Compute the d-prime of A over B for each unit on the grid.
Threshold the resulting map of d-primes.
The clustering index is the average number of units in the connected components of this map.
We also perform exactly the same computations for shuffled activations, in order to obtain a reference clustering index. A network is said to exhibit clustering if its index is larger than the reference index obtained for shuffled activations.
Quantifying topography
Consider a unit x and its neighborhood V(x). We quantify topography as the average over x of the proportion of units in V(x) that have the same preference as x.
S3. Auto-encoding as regularization for Reset networks
We trained Reset networks of widths 1, 2 and 4 to classify Cifar-100, with and without adding a subnetwork to reconstruct the input. We then presented 1000 images from the test set to each of the 6 networks, and collected their activations on the grids.

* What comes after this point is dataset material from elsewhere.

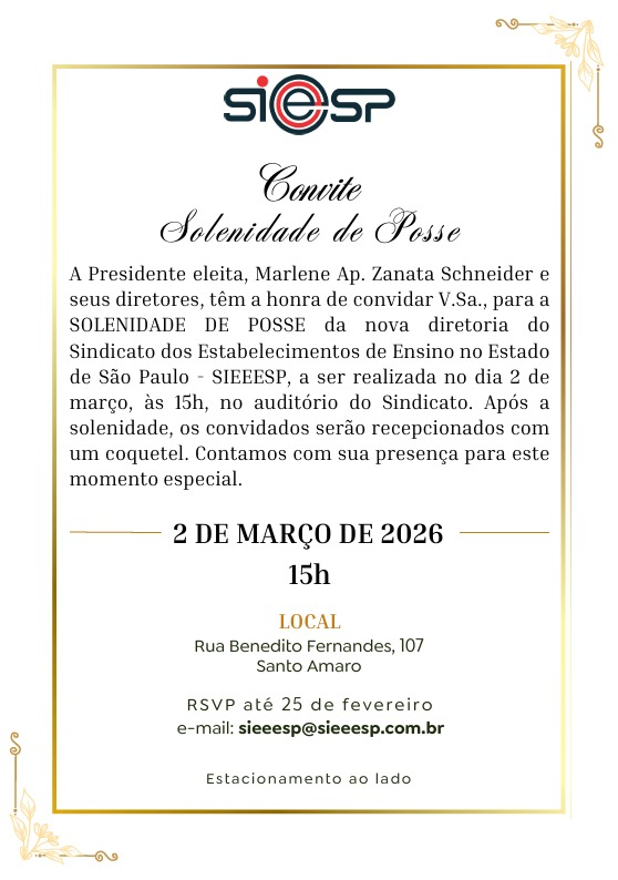 A nova diretoria do Sindicato dos Estabelecimentos de Ensino no Estado de São Paulo (SIEEESP) tomou posse no dia 2 de março de 2026, em solenidade realizada no auditório da entidade, em Santo Amaro, São Paulo. A presidência passa a ser exercida por Marlene Aparecida Zanata Schneider, eleita para conduzir a instituição no novo mandato.

Figure S3 (upper line) shows that activation is not evenly distributed on a Reset network’s grid. Units often become polarized, in the sense that many units are rarely activated if ever (dark purple), while many others are very often activated (yellow). This polarization effect becomes stronger within some subnetworks, as network width grows.
Figure S3 (lower line) also shows that polarization can be alleviated by introducing a level 2 subnetwork whose task is to reconstruct the input (red arrow on the model’s figure).
Acknowledgments
We thank Thibault Fouqueray for early and stimulating discussions where this idea was seeded, and Florence Bouhali for ongoing discussions, original ideas and encouragements on Reset networks. We also thank Hyodong Lee for exchanges that provided useful information on Topographic Deep Artificial Neural Networks.